Secuirty through Obscurity

Security through obscurity is an attempt to use secrecy of design or implementation to provide security. A system relying on security through obscurity may have theoretical or actual security vulnerabilities, but its owners or designers believe that if the flaws are not known, then attackers will be unlikely to find them.

It is analogous to a homeowner leaving the rear door open, because it cannot be seen by a would-be burglar.

Security through obscurity has never achieved engineering acceptance as an approach to securing a system, as it contradicts the principle of “keeping it simple”. The United States National Institute of Standards and Technology (NIST) specifically recommends against security through obscurity in more than one document.
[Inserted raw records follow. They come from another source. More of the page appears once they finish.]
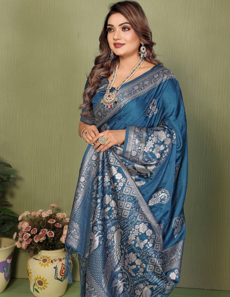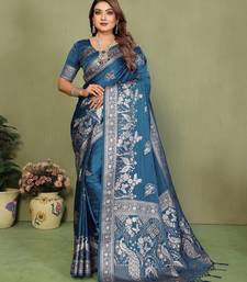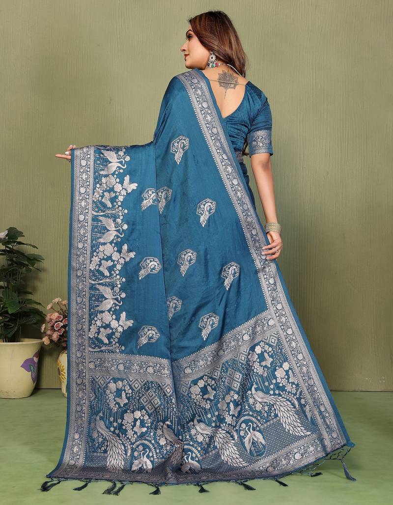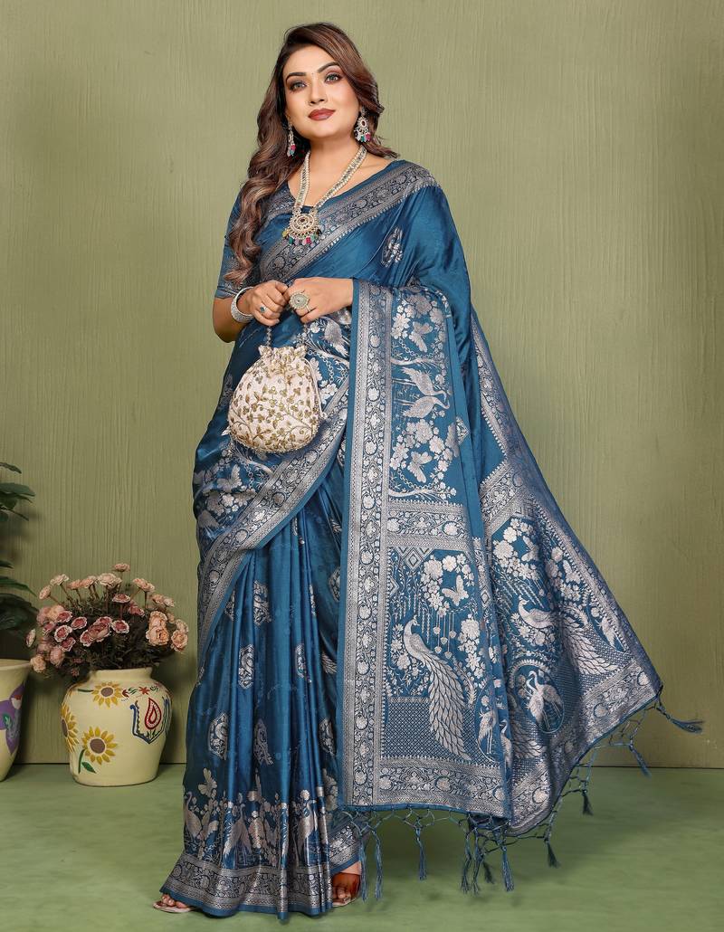 Teal blue color satin silk fabric woven jari designer partywear saree
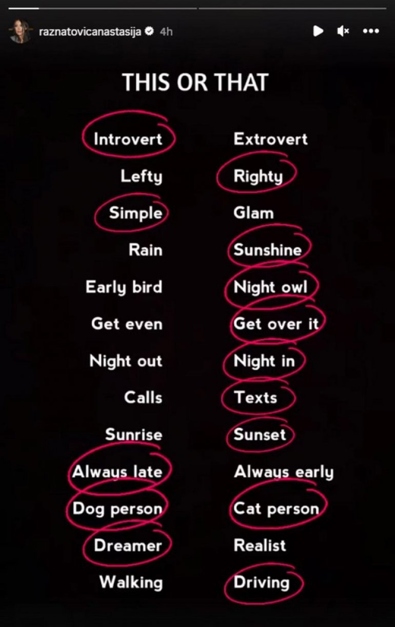 Анастасија је навела и да се никад не свети, већ одмах пребољева оно што јој је неко урадио, као и да увек бира вожњу уместо шетње.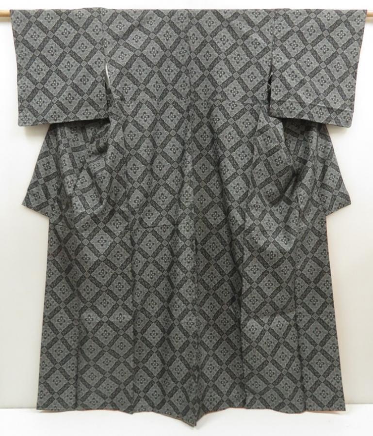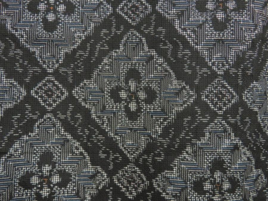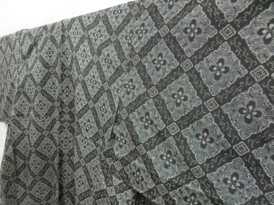 5726T14z670 Vintage Japanese Kimono Silk OSHIMA TSUMUGI Black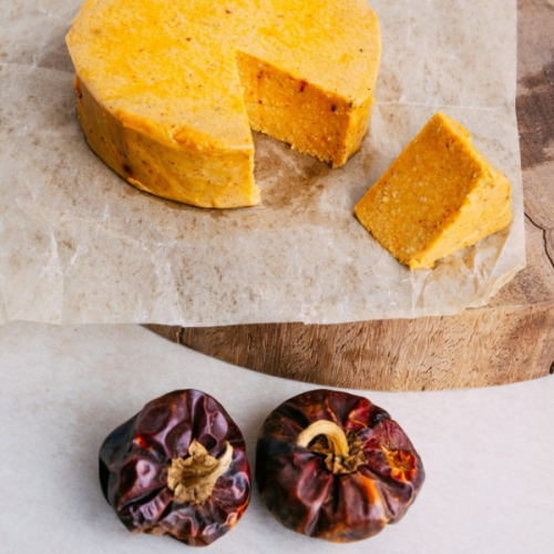 Queso a base de anacardos con el toque del sabor característico de la ñora, un pimiento seco típico de la zona de Levante.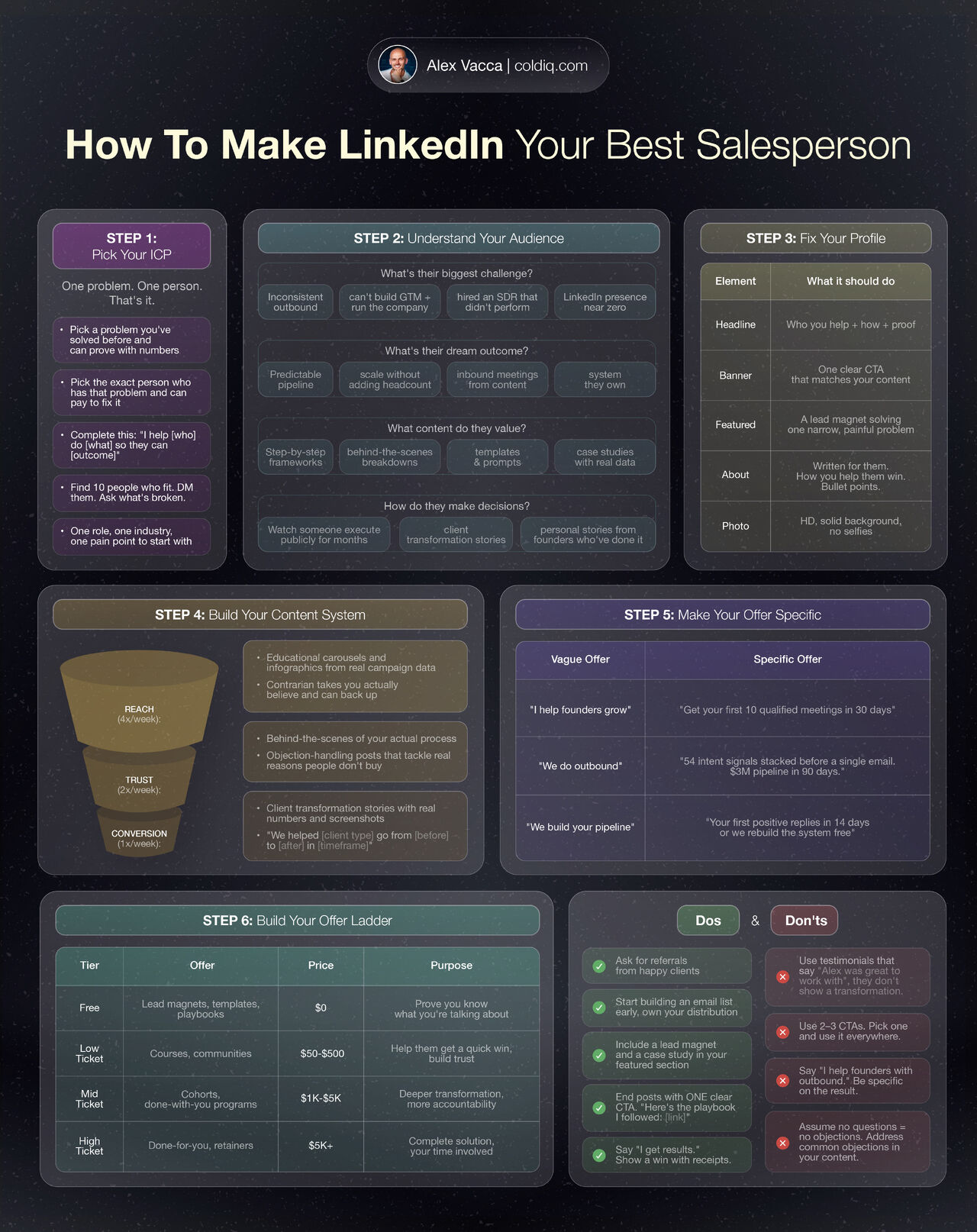 After 3 years of scaling ColdIQ to a $7M business, this is everything we learned about getting clients from LinkedIn. 1️⃣ Pick Your ICP One problem. One person. That's it. • Pick a problem you've s…

Quoting from one, “System security should not depend on the secrecy of the implementation or its components.”

A simple Example:

Suppose you have a vulnerable Web server, for example, that can be attacked over TCP port 80 using a public exploit. To close that particular vector, you can patch the Web server or you can turn it off; either action would completely stop this vector. You could partially stop the attack vector by using a firewall or IPsec to close port 80 to all but a few select computers. This wouldn’t completely block the attack vector, but it would significantly mitigate the problem.

Security by obscurity, on the other hand, involves taking some measure that does not stop the attack vector but merely conceals it. For example, you may decide to move the Web server to port 81 instead of 80 so only those who know where to find your Web server will be able to do so. Or so that argument goes. In reality, moving your Web server to port 81 stops only some attacks, and mostly just inconveniences the end user. A competent intruder would simply run a port scanner and a Web banner grabber against a large number of ports to discover Web servers on non-standard ports. As soon as he finds one, he can fire off the exploit against your server because you did not actually eliminate the attack vector, you merely (temporarily) obscured it.